Zwei bemerkenswerte Katja Ebstein Alben aus den Jahren 1976 und 1977 hat das “Originale” Team auf einer CD neu veröffentlicht …:
Vielen Dank an den Joachim-Heider-Experten Claus Stimpfig für einige Hinweise zum Album „Liebe“
Zeit Lebens hat sich Katja Ebstein qualitativ deutlich vom Schlagereinerlei abgehoben – selbst ihre sehr kommerziellen Nummern wie „Es war einmal ein Jäger“ waren noch originell. Leider hat die Künstlerin selbst offensichtlich keinen guten Bezug mehr zu ihrem Frühwerk, obwohl sehr viele ihrer Lieder wirklich bis heute von hoher Qualität und originell sind. Da ist es kein Wunder, wenn die Fans sich über Wiederveröffentlichungen freuen. Zwei Alben, die bislang nicht auf CD erhältlich waren hat das „Originale“-Team der Universal nun auf CD veröffentlicht: „In Petersburg ist Pferdemarkt“ und „Liebe“. Während das erste Album aus dem Jahre 1976 das letzte war, das Katjas einstiger Ehemann Christian Bruhn für sie produzierte, war „Liebe“ aus dem Jahre 1977 eine Produktion des Berliners Joachim Heider, der damals in der Form seines Lebens war.

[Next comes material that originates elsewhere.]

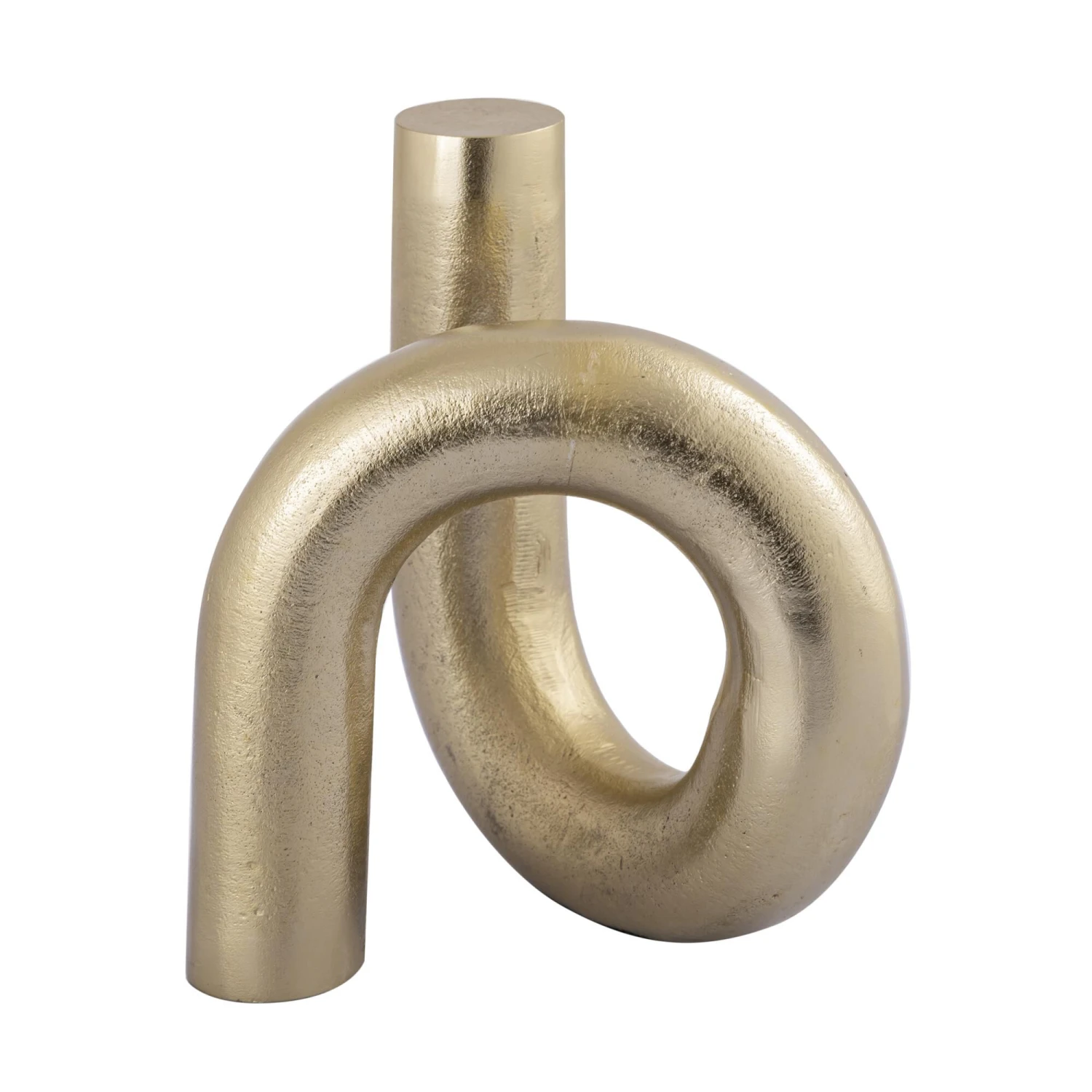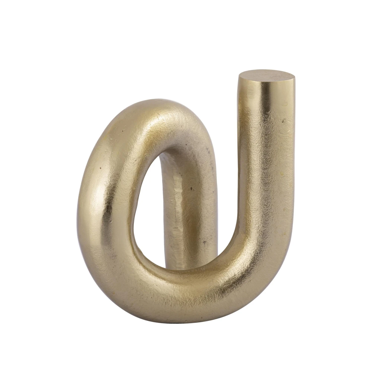 The Contour Sculpture is a playful metal tube with an aged brass finish. This neotenic, midcentury inspired sculpture bends over on itself, and can be displayed in a variety of orientations on a tabletop or bookshelf.

Das Album „In Petersburg ist Pferdemarkt“ startet sehr schlagerhaft mit dem Titelstück. Der geneigte Hörer vernimmt Worte wie „deidideldum“, musikalisch wurden Anleihen an Udo Jürgens’ „Anuschka“ genommen. Das traditionelle Rollenklischee der Geschlechter wurde bedient: „…da muss ein Mann doch hin!“. Das traf den Zeitgeist – es reichte für einen Top-40-Einstieg.
Mit „Flamenco in der Nacht“ gibt sich Katja Spanisch. Christian Bruhn hat Elemente des bekannten andalusischen Tanzes in seinen erstmals auf CD erhältlichen Schlager eingebaut. Danach ging es sogar in Richtung Ballet. Tschajkowskis „Schwanensee“ diente als Vorlage des Liedes „Dort, wo die wilden Schwäne ziehen“ – hier konnte Katja Ebstein ihr ganzes Können präsentieren – sehr anspruchsvoll. Einige Jahre zuvor hat übrigens Vicky Leandros das musikalische Thema mit ähnlichem Text veröffentlicht – bei Vicky hieß es 1969 „Wie die wilden Schwäne“.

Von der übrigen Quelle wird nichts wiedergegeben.